DATA =
..........

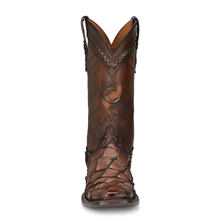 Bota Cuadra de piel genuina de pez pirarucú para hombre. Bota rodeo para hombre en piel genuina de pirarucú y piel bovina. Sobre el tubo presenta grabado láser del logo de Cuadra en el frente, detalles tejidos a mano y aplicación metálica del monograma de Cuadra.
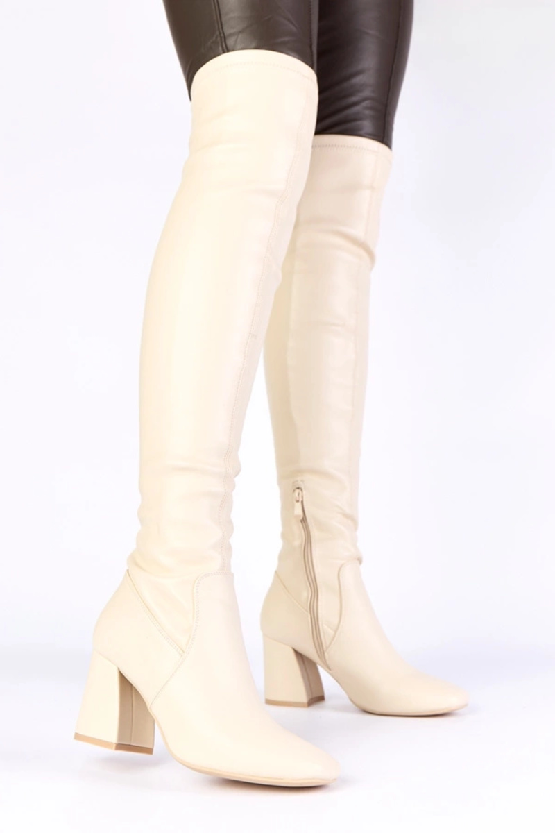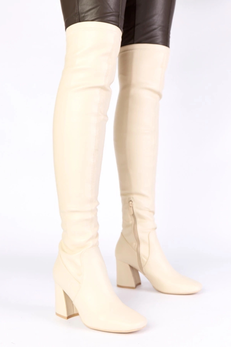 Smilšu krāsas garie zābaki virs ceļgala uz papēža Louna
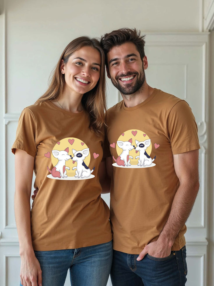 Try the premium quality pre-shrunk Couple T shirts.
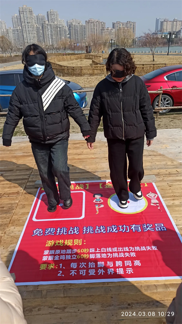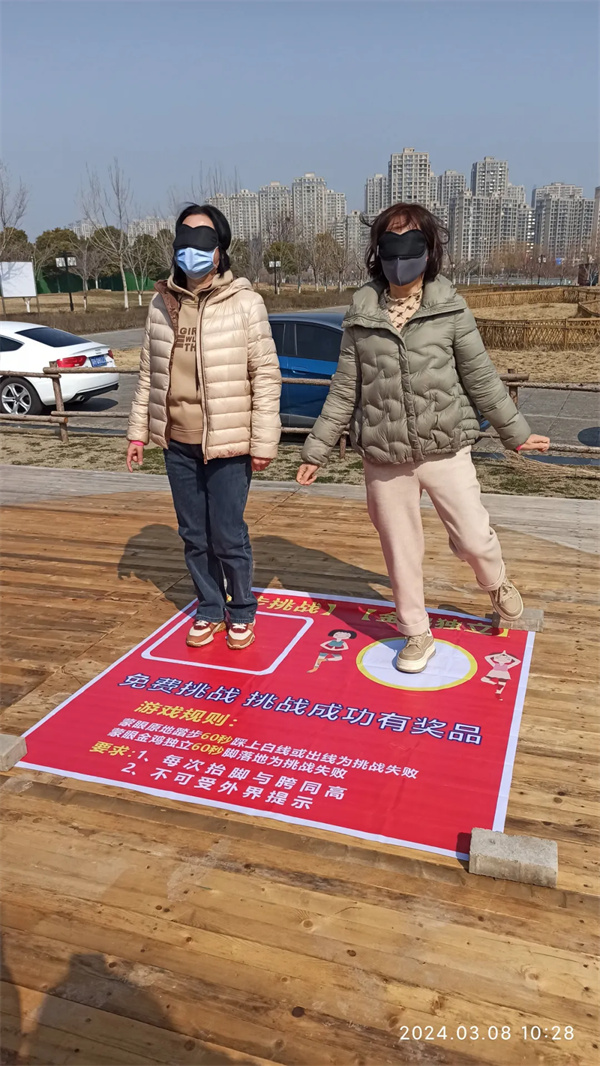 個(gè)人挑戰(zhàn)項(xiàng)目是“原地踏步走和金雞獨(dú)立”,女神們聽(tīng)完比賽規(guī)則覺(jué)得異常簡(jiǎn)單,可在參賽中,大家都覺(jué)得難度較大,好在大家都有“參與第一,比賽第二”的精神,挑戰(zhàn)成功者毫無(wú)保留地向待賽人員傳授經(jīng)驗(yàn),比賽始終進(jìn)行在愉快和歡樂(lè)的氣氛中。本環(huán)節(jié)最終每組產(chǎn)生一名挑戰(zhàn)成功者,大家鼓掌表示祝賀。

..........

EXERCISE GOAL =
Print the lines from the line containing "Smilšu krāsas garie" through the last line of the listing, exactly as they stand, and leave any pictures out.

TASK SOLUTION =
 Smilšu krāsas garie zābaki virs ceļgala uz papēža Louna
 Try the premium quality pre-shrunk Couple T shirts.
 個(gè)人挑戰(zhàn)項(xiàng)目是“原地踏步走和金雞獨(dú)立”,女神們聽(tīng)完比賽規(guī)則覺(jué)得異常簡(jiǎn)單,可在參賽中,大家都覺(jué)得難度較大,好在大家都有“參與第一,比賽第二”的精神,挑戰(zhàn)成功者毫無(wú)保留地向待賽人員傳授經(jīng)驗(yàn),比賽始終進(jìn)行在愉快和歡樂(lè)的氣氛中。本環(huán)節(jié)最終每組產(chǎn)生一名挑戰(zhàn)成功者,大家鼓掌表示祝賀。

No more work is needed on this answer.